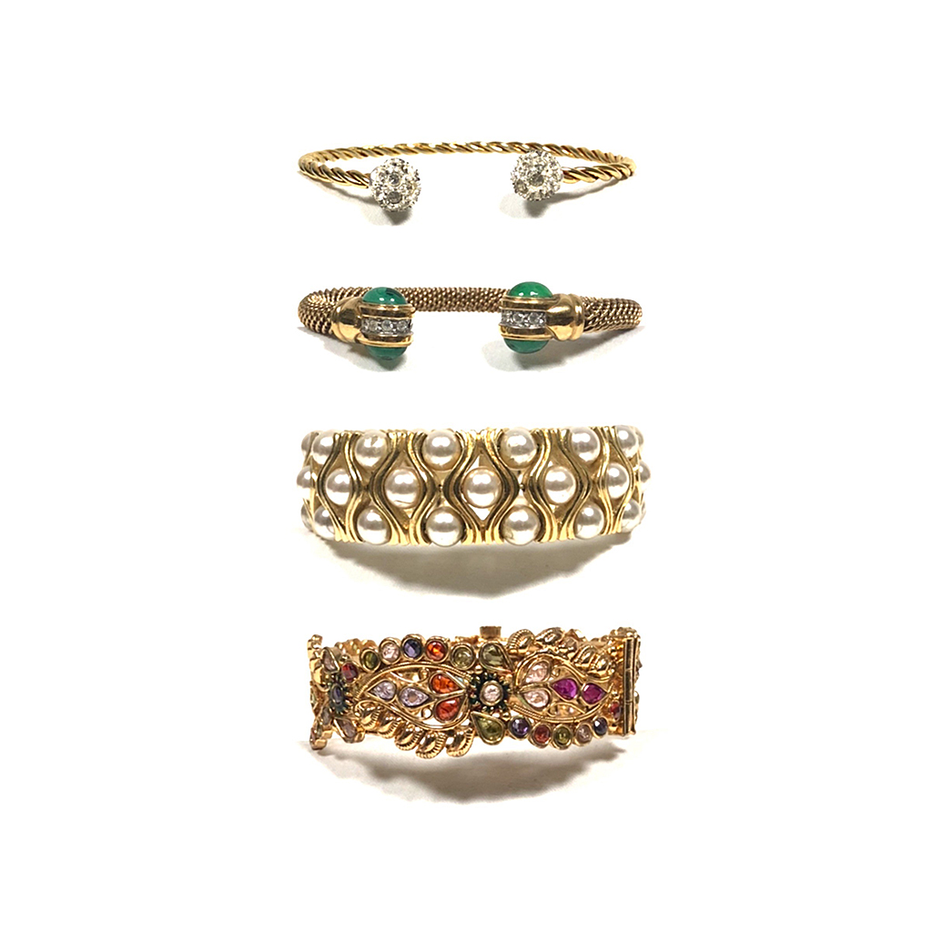 MODERN DECORATIVE GILT AND PASTE / PEARL BANGLE AS LISTED
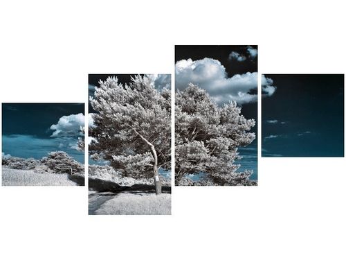 4. Obrazy nie posiadają klasycznej zewnętrznej ramy. Boki obrazu są zadrukowane i płótno jest montowane w taki sposób, że stanowi naturalną kontynuację motywu obrazu. Obrazy wieloelementowe, dzięki temu tworzą jedną całość. Szerokość zadrukowanego boku wynosi tyle samo ile grubość drewnianej ramy czyli 1,6cm.
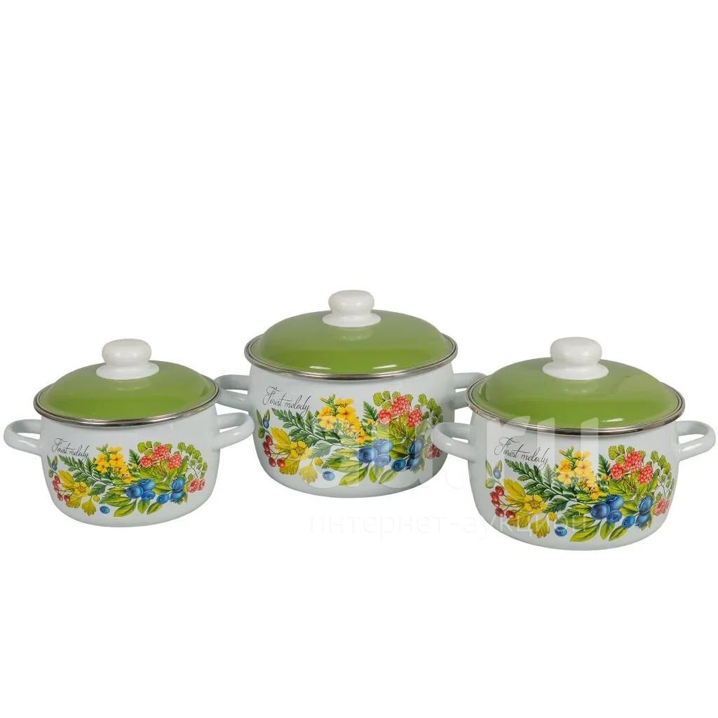Набор посуды эмалированная сталь, 3 предмета, кастрюли 2,3,4 л, индукция, СтальЭмаль, Лесная мелодия, 6KA021M
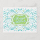 The text on the back of this elegant, yet bright and cheerful, turquoise or aqua blue (robin's egg blue), lime (chartreuse) green and white abstract floral recipe card for the bride to be is fully customizable. You can change it using the customize it option. This pretty recipe card can be enclosed in the matching bridal shower invitation so that wedding shower guests can fill out the back with their favourite recipes and bring the card with them to the shower as a wedding keepsake for the bride to be. The matching invitation is shown below. NOTE: This is a flat printed design without any 3D or raised embellishments.
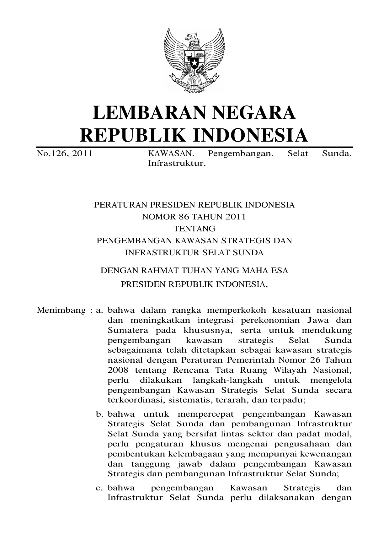 PERPRES Nomor 86 Tahun 2011 | Peraturan Presiden Nomor 86 Tahun 2011 tentang PENGEMBANGAN KAWASAN STRATEGIS DAN INFRASTRUKTUR SELAT SUNDA
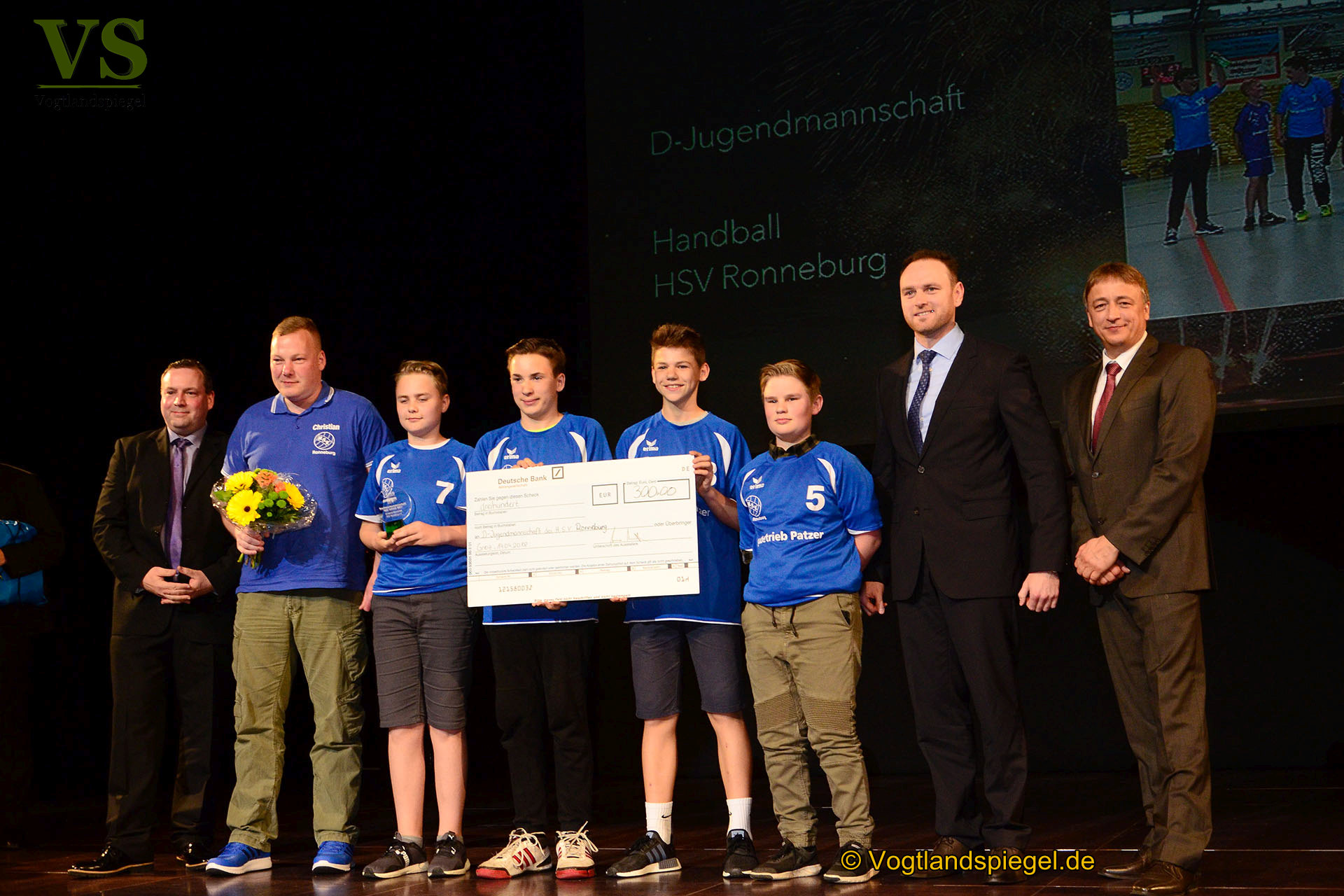 v.l. Jan Koschinsky, die D-Jugendmannschaft des H.S.V. Ronneburg, Christian Popp und Uwe Jahn.

== == ==

■ **Task brief**
What is needed is the whole listing again, exactly as written, with the images left out.

■ **Output of the exercise**
 MODERN DECORATIVE GILT AND PASTE / PEARL BANGLE AS LISTED
 4. Obrazy nie posiadają klasycznej zewnętrznej ramy. Boki obrazu są zadrukowane i płótno jest montowane w taki sposób, że stanowi naturalną kontynuację motywu obrazu. Obrazy wieloelementowe, dzięki temu tworzą jedną całość. Szerokość zadrukowanego boku wynosi tyle samo ile grubość drewnianej ramy czyli 1,6cm.
Набор посуды эмалированная сталь, 3 предмета, кастрюли 2,3,4 л, индукция, СтальЭмаль, Лесная мелодия, 6KA021M
 The text on the back of this elegant, yet bright and cheerful, turquoise or aqua blue (robin's egg blue), lime (chartreuse) green and white abstract floral recipe card for the bride to be is fully customizable. You can change it using the customize it option. This pretty recipe card can be enclosed in the matching bridal shower invitation so that wedding shower guests can fill out the back with their favourite recipes and bring the card with them to the shower as a wedding keepsake for the bride to be. The matching invitation is shown below. NOTE: This is a flat printed design without any 3D or raised embellishments.
 PERPRES Nomor 86 Tahun 2011 | Peraturan Presiden Nomor 86 Tahun 2011 tentang PENGEMBANGAN KAWASAN STRATEGIS DAN INFRASTRUKTUR SELAT SUNDA
 v.l. Jan Koschinsky, die D-Jugendmannschaft des H.S.V. Ronneburg, Christian Popp und Uwe Jahn.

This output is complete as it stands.